#### Records to process

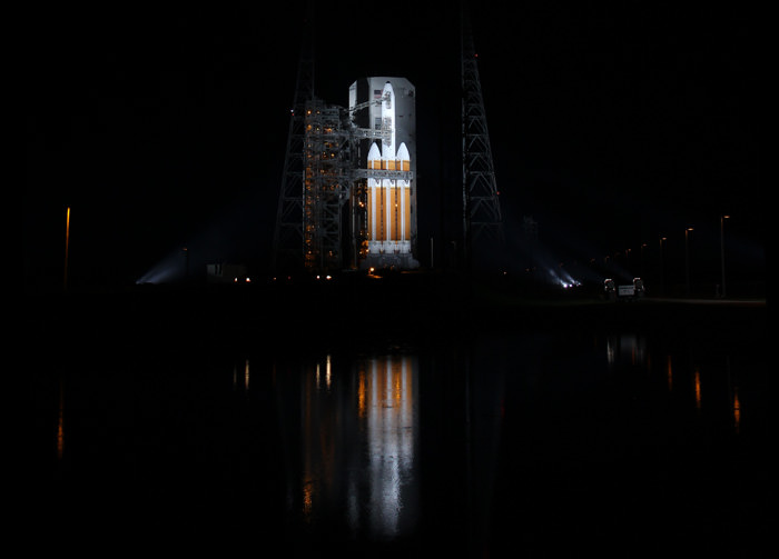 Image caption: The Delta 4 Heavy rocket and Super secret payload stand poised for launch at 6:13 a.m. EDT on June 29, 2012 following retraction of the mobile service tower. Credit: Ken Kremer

########
#### Records to process

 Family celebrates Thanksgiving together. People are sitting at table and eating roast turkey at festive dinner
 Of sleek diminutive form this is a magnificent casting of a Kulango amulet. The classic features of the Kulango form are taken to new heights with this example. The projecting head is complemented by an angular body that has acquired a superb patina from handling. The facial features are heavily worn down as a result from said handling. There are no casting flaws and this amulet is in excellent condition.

########
#### Records to process

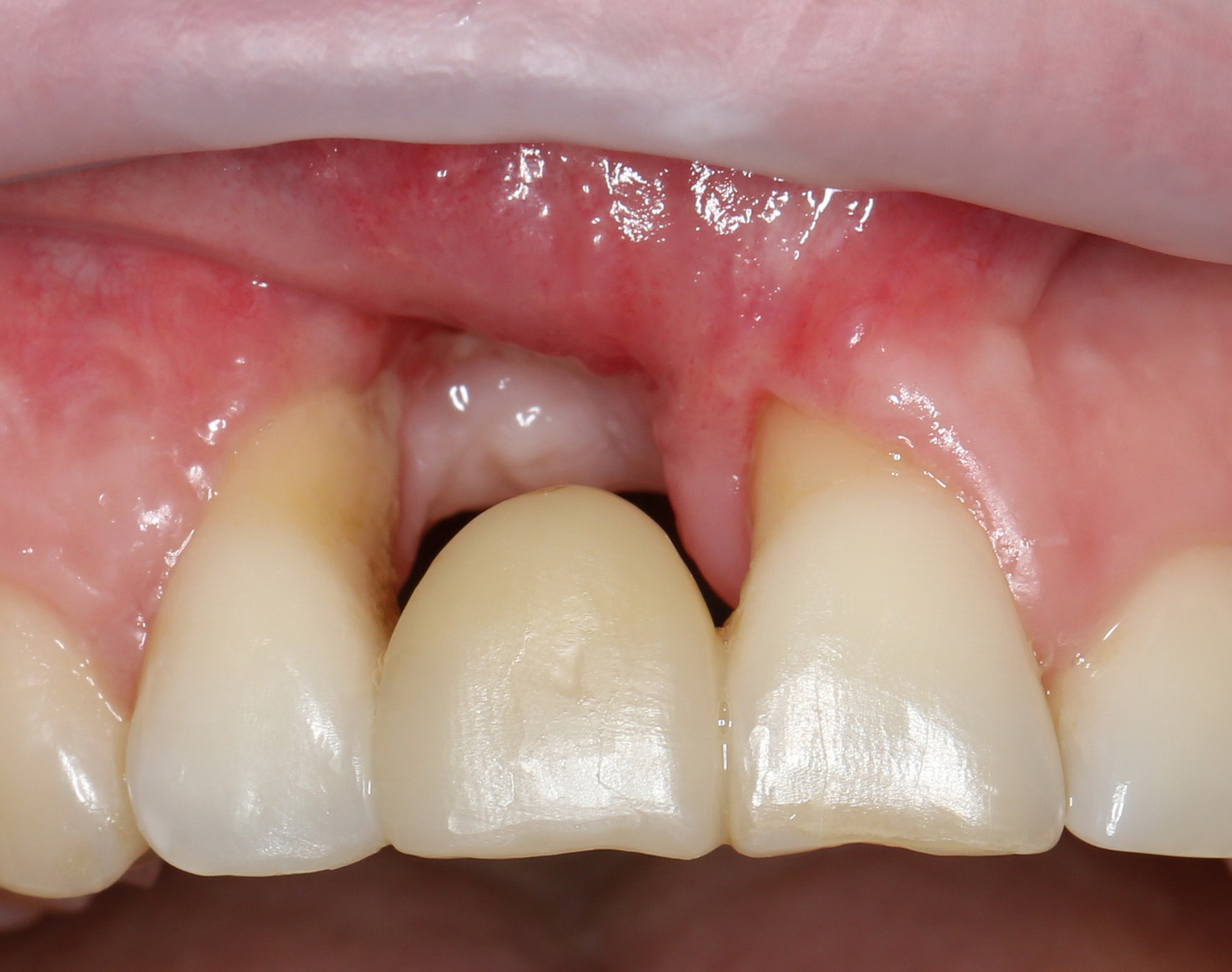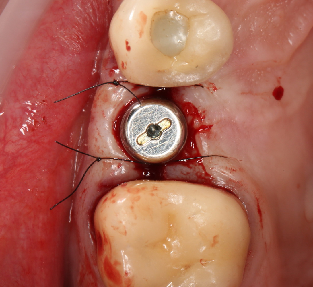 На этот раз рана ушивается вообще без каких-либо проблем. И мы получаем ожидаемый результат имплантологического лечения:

########

Work to be completed - In the listing above, find the line with "Family celebrates Thanksgiving" and the line with "Of sleek diminutive"; set down exactly those two lines and every line between them, nothing more.

Response below -
 Family celebrates Thanksgiving together. People are sitting at table and eating roast turkey at festive dinner
 Of sleek diminutive form this is a magnificent casting of a Kulango amulet. The classic features of the Kulango form are taken to new heights with this example. The projecting head is complemented by an angular body that has acquired a superb patina from handling. The facial features are heavily worn down as a result from said handling. There are no casting flaws and this amulet is in excellent condition.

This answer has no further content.